バフェットコードではPER, PBR, 流動資産、時価総額などで簡単にスクリーニングできます。
そしてその結果をExcelなどの表計算ソフトに持っていくことも可能です。
なので、自身で工夫すればネットキャッシュ比率を計算して条件を満たすかどうかも確認可能です。
注意点として、投資有価証券だけは決算短信などを見ていかないと分からないので、最初のスクリーニングでは目をつぶってもよいでしょう。
バフェットコードで清原流スクリーニング
実際にバフェットコードでスクリーニング条件を入力した図が以下の図です。 (2025年10月)

ここではPER, PBR, 時価総額、流動資産と時価総額の関係、ROE、という4つの条件を指定しています。

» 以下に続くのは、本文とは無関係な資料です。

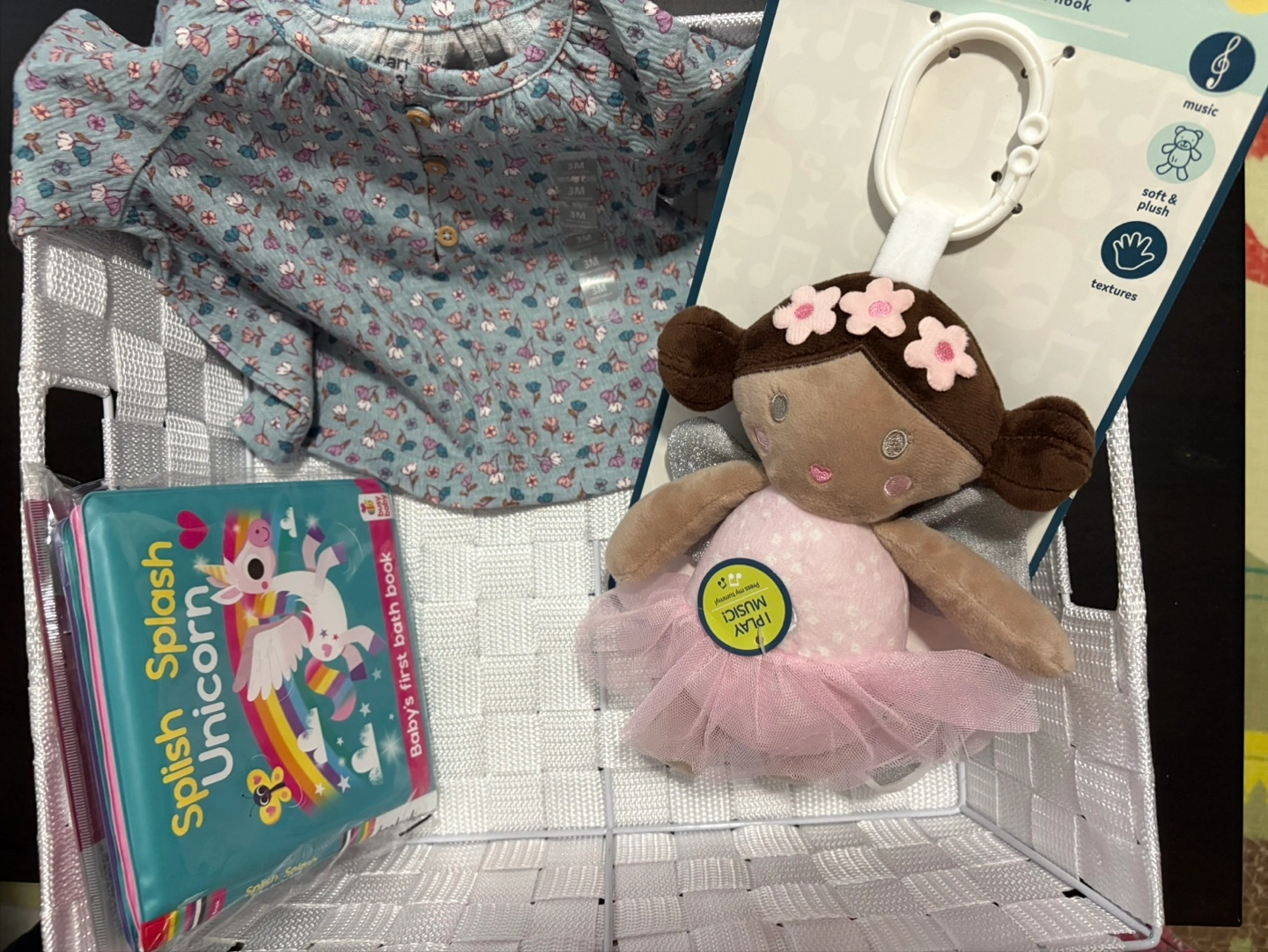Selling a cute baby bundle! It includes a 'Splish Splash Unicorn' bath book, a floral baby shirt (size 3M), and a musical plush toy. All items are in great condition and ready for a new home
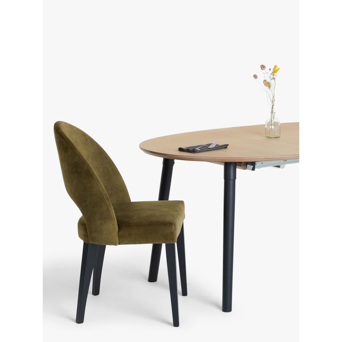 Upholstered in a soft velvet fabric, our Moritz dining chair is a sophisticated and supportive seating option. Robust and responsibly sourced beech wood legs provide a sturdy base, while the gently curved back rest and plump seat cushion ensures a comfortable sit. This chair is easy to pair with both wooden and glass-top dining tables. About our manufacturing partner Our manufacturing factory is based in Italy, in a district where chairs have been manufactured since the end of 1800. It's among very few in the world who monitor their production process following an end-to-end cycle, that's completed according to strict FSC certification. This ensures the chair is responsibly made, from cutting the trunk to the finished product. By choosing this product you are supporting responsible management of the world's forests. The Forest Stewardship Council® (FSC®) is a global, not-for-profit organisation that helps take care of forests and the people and wildlife that call them home. To learn more, visit. Want to see it first? You may want to see and get a feel for the furniture in one of our shops before ordering. We'll be able to tell you where the range you'd like to view is on display.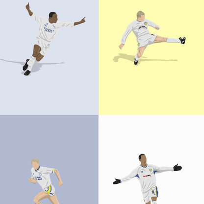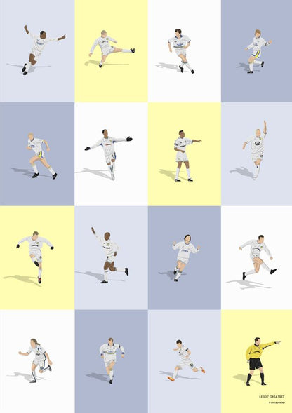Featured players include (from top to bottom, left to right): Yeboah, Batty, Dorigo, Strachan, Chapman, Beckford, Radebe, Smith, Bowyer, Hasselbaink, Sharpe, Viduka, Becchio, Mccalister, Snodgrass, Martyn.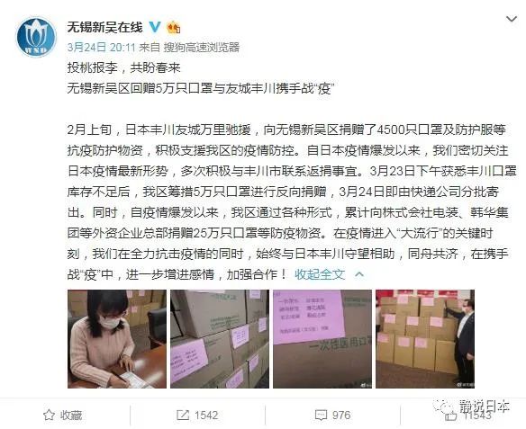 丰川市的“讨还口罩”,与无锡市新吴区的“十倍相送”,短短2天时间里,演绎出的各种故事,既让我们看到了中国驻日大使馆、无锡市新吴区政府珍惜中日友情,全力支援日本抗击疫情的真情实感,也让我们看到了中日两国民众那种相互理解相互支撑的友好情谊。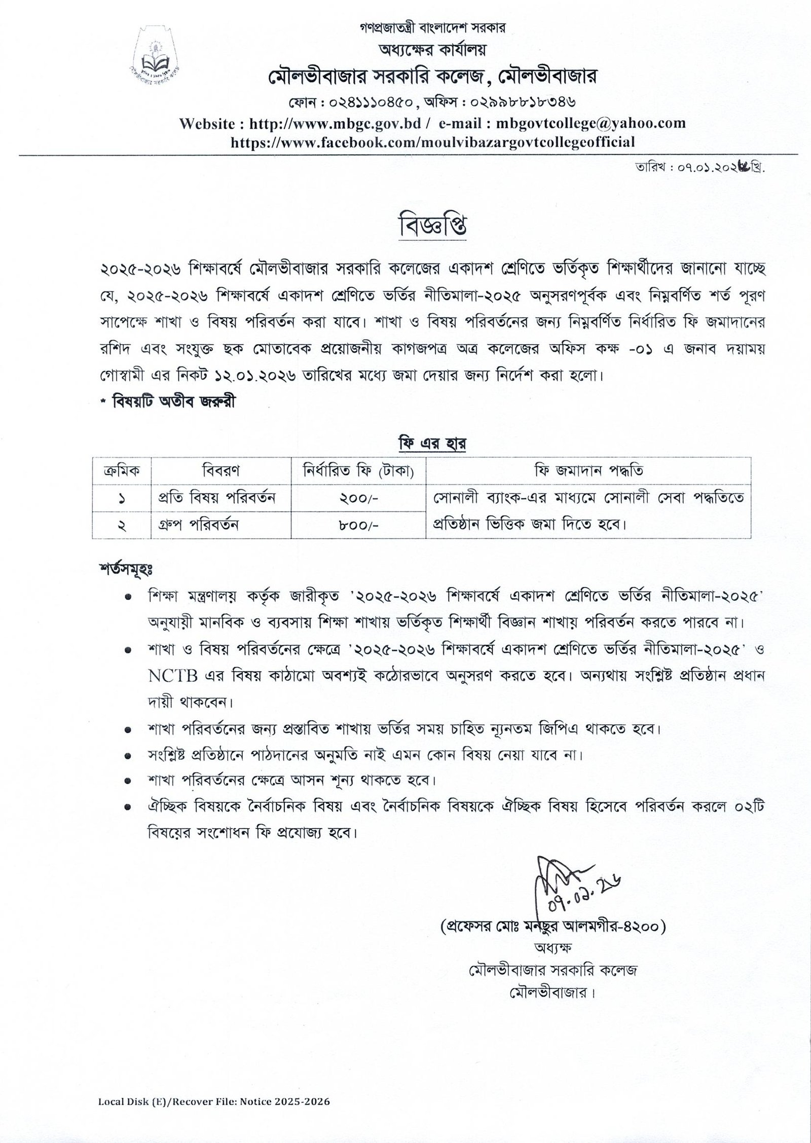 ২০২৫-২৬ শিক্ষাবর্ষে একাদশ শ্রেণীর শিক্ষার্থীদের শাখা ও বিষয় পরিবর্তনের বিজ্ঞপ্তি

PER10倍以下などだけではかなりの銘柄がヒットするので、ここではあえて条件を厳しくしました。
筆者が試したこの条件では約35銘柄がヒットしました。
検索語は、画面右下にダウンロードのボタンがありますので、ここからcsvファイルを入手できます。

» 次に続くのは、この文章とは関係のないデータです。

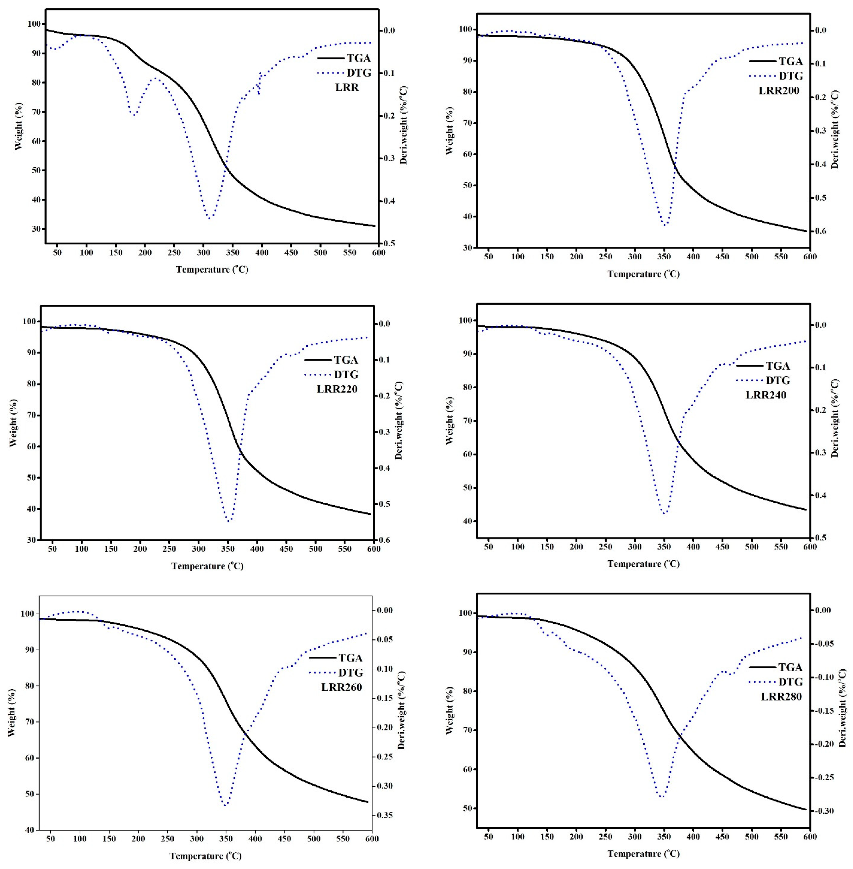 | Samples | Initial Temperature (Ti, °C) | Final Temperature (Tf, °C) | Weight Loss | DTG Peak Temperature (Tm, °C) | DTG, Rmax (%/°C) | Average Rate of Weight Loss (%/°C) | Residual Weight (%) |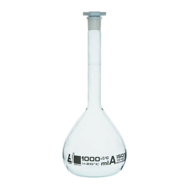 MATRAZ VOLUMÉTRICO (AFORADO) 1000ML, CLASE A, TAPÓN DE POLIPROPILENO EISCO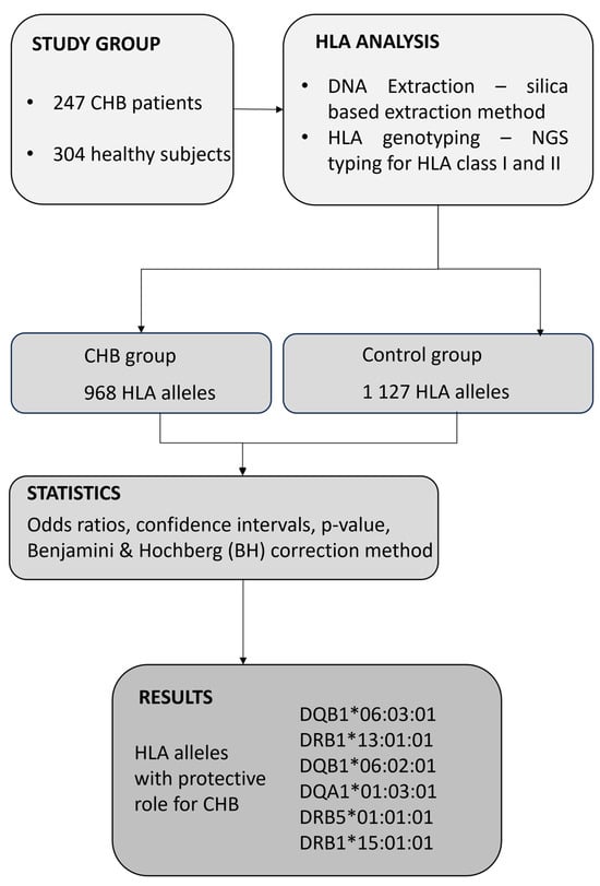 The present study was conducted in accordance with the Declaration of Helsinki (2013 version) and was approved by the Commission of Bioethics at the Fundeni Clinical Institute, Romania (No. 28640/25.05.2022). For collecting biological samples as well as for all medical procedures performed during the study, all participants signed an informed consent statement. In this study, we consecutively selected 247 patients with chronic HBV infection, defined as the presence of HBsAg and HBV DNA for more than six months, as identified at Fundeni Clinical Institute, Department of Gastroenterology and Hepatology, between September 2022 and October 2023. The study also included 304 healthy control subjects who were bone marrow volunteer donors. None of the donors reported a personal history of cancer or any HLA-associated disease, including chronic infections or autoimmune diseases. All of the study subjects were Caucasian, a single ethnic population. Patients were included in this study if their age was over 18 years. The diagnosis of chronic HBV infection was based on well-established biochemical and virological parameters. Thus, each patient was routinely analyzed for biochemical markers such as alanine aminotransferase (ALT), gamma glutamyl transpeptidase (GGT), aspartate aminotransferase (AST), alkaline phosphatase (ALP), total bilirubin (TB), and direct bilirubin (DB) using well-established enzymatic methods. Virological markers, HBs antigen (HBsAg), anti-HBs antibodies, HBe antigen (HBeAg), anti-HBe antibodies, anti-HBc antibodies (including total anti-HBc antibodies and anti-HBc IgM), and α-fetoprotein (AFP) were quantified through chemiluminescence. The following exclusion criteria were employed in the study: patients younger than 18 years, positive for co-infection with human immunodeficiency virus (HIV), hepatitis C virus (HCV), hepatitis D virus (HDV), hepatitis A virus (HAV), autoimmune hepatitis (AIH), and other liver diseases. All participants were Caucasian in the current study. A flow chart explaining the study design is presented in Figure 1.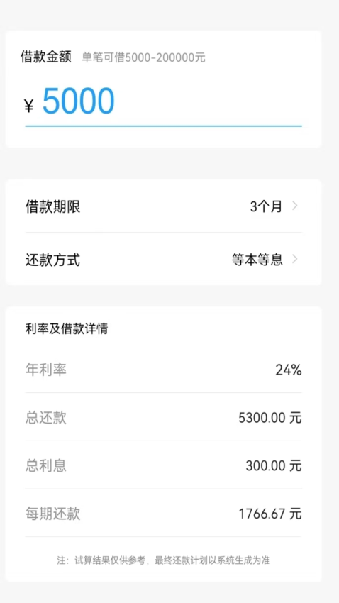 用户可以自由选择借款金额,可根据个人能力选择借款金额进行在线借款操作。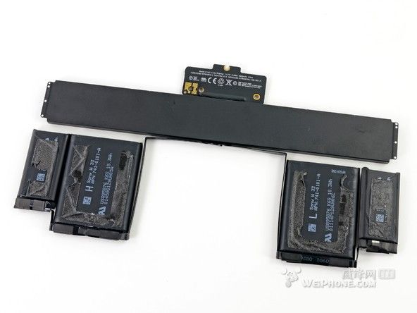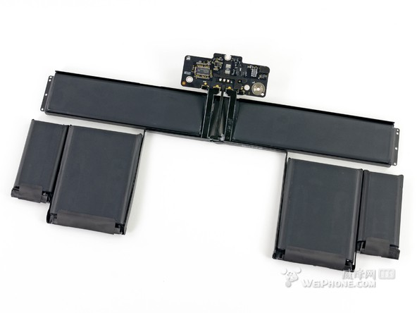 整塊電池一共由6個電池單元組成,整體看上去就像一個衣架。和 15 英寸 Retina Macbook Pro 的電池設(shè)計相比,“衣架”風格的設(shè)計為 13 英寸 Retina Macbook Pro 的內(nèi)部節(jié)省了許多空間。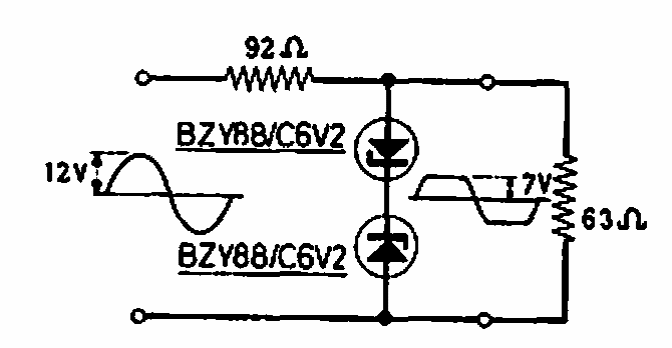 Sugerido pela Philips em documentação de 1966, este limitador pode ser encontrado em outros pontos deste site. O circuito é para 7 V, mas pode ser alterado para outras tensões, conforme os diodos zener.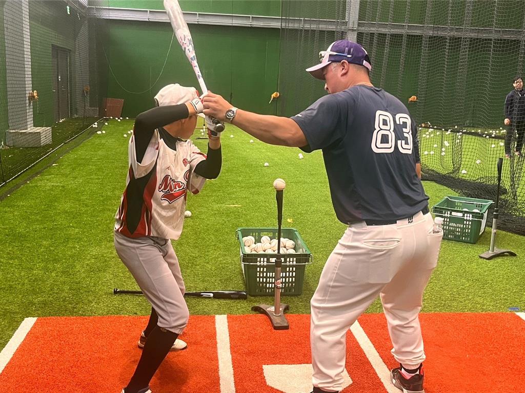 韓國職棒樂天巨人隊到台南市春訓,該隊教練指導台南市青少棒選手打擊技巧。(台南市

このとき、表示項目に「負債」も予め入れておくとネットキャッシュ比率の計算に便利です。
気になる銘柄ピックアップ
ヒットした銘柄の中で気になった銘柄を以下にあげます。
| コード | 会社名 | セクター | PER | PBR | 時価総額 | ネットキャッシュ比率 |
|---|---|---|---|---|---|---|
| 7427 | エコートレーディング | 卸売 | 5.7倍 | 0.48倍 | 56億円 | 1.6 |
| 5965 | フジマック | 金属 | 6.2倍 | 0.57倍 | 155億円 | 0.25 |
ネットキャッシュ比率だけを見るとアップルインターナショナル(2788)などもかなり高いですが、業績に波があるようでした。

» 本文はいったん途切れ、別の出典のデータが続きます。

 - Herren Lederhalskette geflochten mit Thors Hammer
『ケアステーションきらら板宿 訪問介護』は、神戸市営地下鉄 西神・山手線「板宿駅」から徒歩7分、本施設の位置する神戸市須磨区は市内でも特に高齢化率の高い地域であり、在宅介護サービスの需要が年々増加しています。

フジマックはそれほど高くないですが、ヘムさんの投資手法で知った安全域が高いことで取り上げた銘柄だったので目につきました。

💼 経営者の“やる気”が9割を決める
さらに清原さんは「小型株の成長は経営者が9割」とも断言しています。
そして以下のような企業姿勢を重視します:
- 成長への強い意志
- 株主還元への積極性(増配・自社株買い)
- キャッシュを株価向上に活用する姿勢
💰 “清原流”投資手法:株主還元と株価2倍のロジック
清原さんの投資戦略において、企業がため込んだキャッシュをどう使うかは極めて重要なポイントです。
単に現金を持っているだけでは株価は上がりません。
しかし、そのキャッシュが株主還元に使われた瞬間、市場の評価は一変します。
具体的には、企業が増配や自社株買いを実施することで、投資家に利益が還元され、
その結果として株価が2倍になる可能性が現実的に生まれる、ということです。
このロジックは、以下のような流れで成立します:
- 企業がネットキャッシュ比率の高い状態で現金をため込んでいる
- 経営者が株主還元の意志を持ち、増配や自社株買いを実施
- 市場がその姿勢を評価し、株価が本来の企業価値に収斂する
- 結果として株価が2倍以上に上昇するケースも珍しくない
特に清原さんは、自己資本比率が高く、財務が健全な不動産株に注目しており、実際に最大の利益を得た銘柄はプレサンスコーポレーションということでした。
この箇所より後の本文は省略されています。